Towards Network Traffic Monitoring Using Deep Transfer Learning
Harsh Dhillon, Anwar Haque

TL;DR
This paper presents a deep transfer learning approach for network intrusion detection, achieving high accuracy and improved speed, suitable for real-world deployment with limited resources.
Contribution
It introduces a novel deep transfer learning method for NIDS that maintains high accuracy and efficiency across domains with limited data and computational resources.
Findings
Achieved 98.43% accuracy in the target domain.
Improved classification speed with transfer learning.

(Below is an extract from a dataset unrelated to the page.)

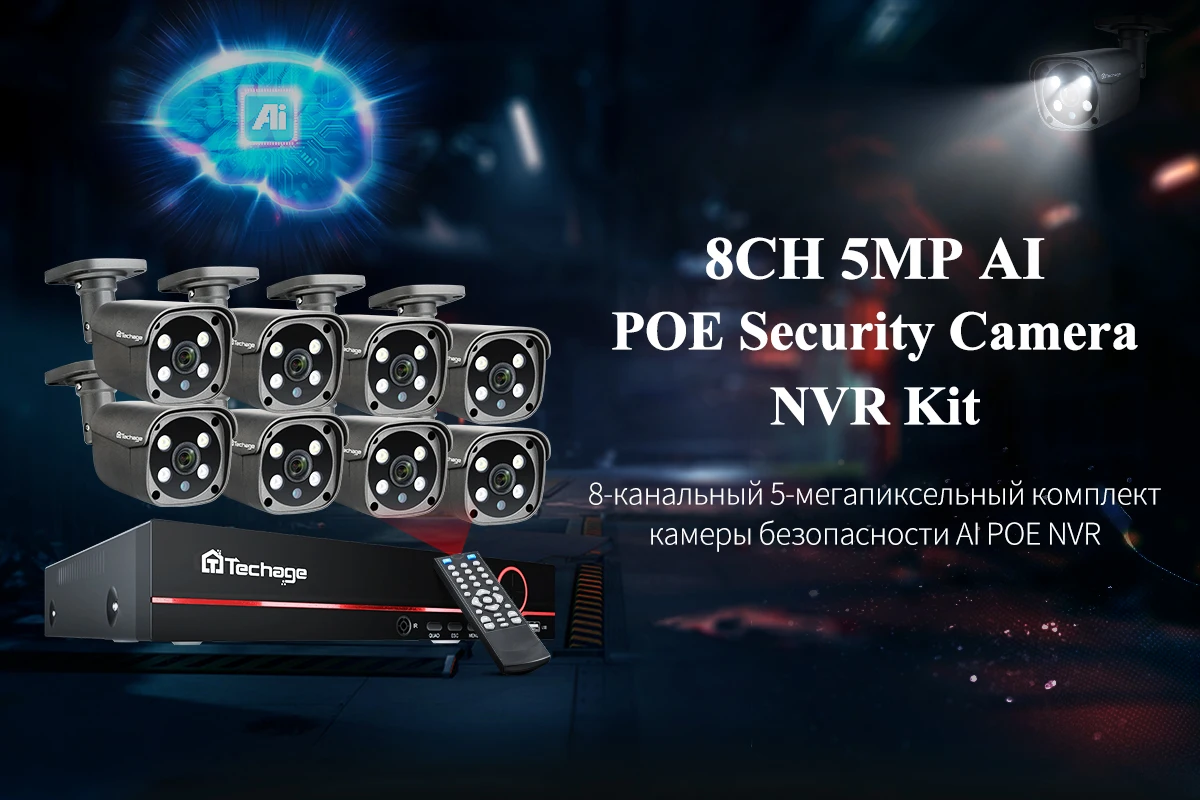 1. Noul nostru sistem de camere POE de 5MP. Design NVR cu 8 canale, suportă conectarea a până la 8 camere. Puteți achiziționa camere IP POE Techage pentru a vă extinde sistemul CCTV.

Effective in real-world resource-constrained environments.
Abstract
Network traffic is growing at an outpaced speed globally. The modern network infrastructure makes classic network intrusion detection methods inefficient to classify an inflow of vast network traffic. This paper aims to present a modern approach towards building a network intrusion detection system (NIDS) by using various deep learning methods. To further improve our proposed scheme and make it effective in real-world settings, we use deep transfer learning techniques where we transfer the knowledge learned by our model in a source domain with plentiful computational and data resources to a target domain with sparse availability of both the resources. Our proposed method achieved 98.30% classification accuracy score in the source domain and an improved 98.43% classification accuracy score in the target domain with a boost in the classification speed using UNSW-15 dataset. This study…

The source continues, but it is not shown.